Song by Justin Bieber

from the album Swag
- Released: July 11, 2025
- Length: 3:13
- Label: Def Jam; ILH;
- Songwriters: Justin Bieber; Eddie Benjamin; Carter Lang; Dylan Wiggins; Daniel Chetrit; Tobias Jesso Jr.; Jackson Morgan;
- Producers: Bieber; Benjamin; Lang; Wiggins; Chetrit;

= Butterflies (Justin Bieber song) =

"Butterflies" is a song by Canadian singer Justin Bieber. It was released through Def Jam Recordings and ILH Productions as the sixth track from his seventh studio album, Swag, on July 11, 2025. The song was produced by Bieber himself, Eddie Benjamin, Carter Lang, Dylan Wiggins, and Daniel Chetrit, with the five of them writing it alongside Tobias Jesso Jr. and Jackson Morgan.

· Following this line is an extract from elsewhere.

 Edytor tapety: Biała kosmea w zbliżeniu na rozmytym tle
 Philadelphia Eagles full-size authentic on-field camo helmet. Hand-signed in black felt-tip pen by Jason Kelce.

==Composition and critical reception==
"Butterflies" starts with one of Bieber's encounters with paparazzi that happened on April 9, 2025, where he started off by saying: "You just want money / Money money money money". An R&B song with a pop influence, it shows Bieber being "open-hearted" and melodic with its "quivering guitar hook" being compared to American alternative rock band the Smashing Pumpkins. It was described as "a reflective Bieber who's more interested in dialing back the theatrics and upping the introspection" as he uses melisma. Lyndsey Havens of Billboard ranked it eighth among the album's tracks, summarizing: "as the sixth track on the album, it's clear he's nowhere near done running just yet", but "some things, he might be realizing, you can never really outrun anyway".

==Charts==

Chart performance for "Butterflies"
| Chart (2025–2026) | Peak position |
|---|---|
| Australia (ARIA) | 40 |
| Canada Hot 100 (Billboard) | 34 |
| Denmark (Tracklisten) | 39 |
| Global 200 (Billboard) | 34 |
| New Zealand (Recorded Music NZ) | 33 |
| Norway (IFPI Norge) | 100 |
| Sweden Heatseeker (Sverigetopplistan) | 10 |
| UK Christian Songs (Cross Rhythms) | 1 |
| US Billboard Hot 100 | 49 |

==Certifications==

Certifications for "Butterflies"
| Region | Certification | Certified units/sales |
| Brazil (Pro-Música Brasil) | Gold | 20,000^{‡} |
^{‡} Sales+streaming figures based on certification alone.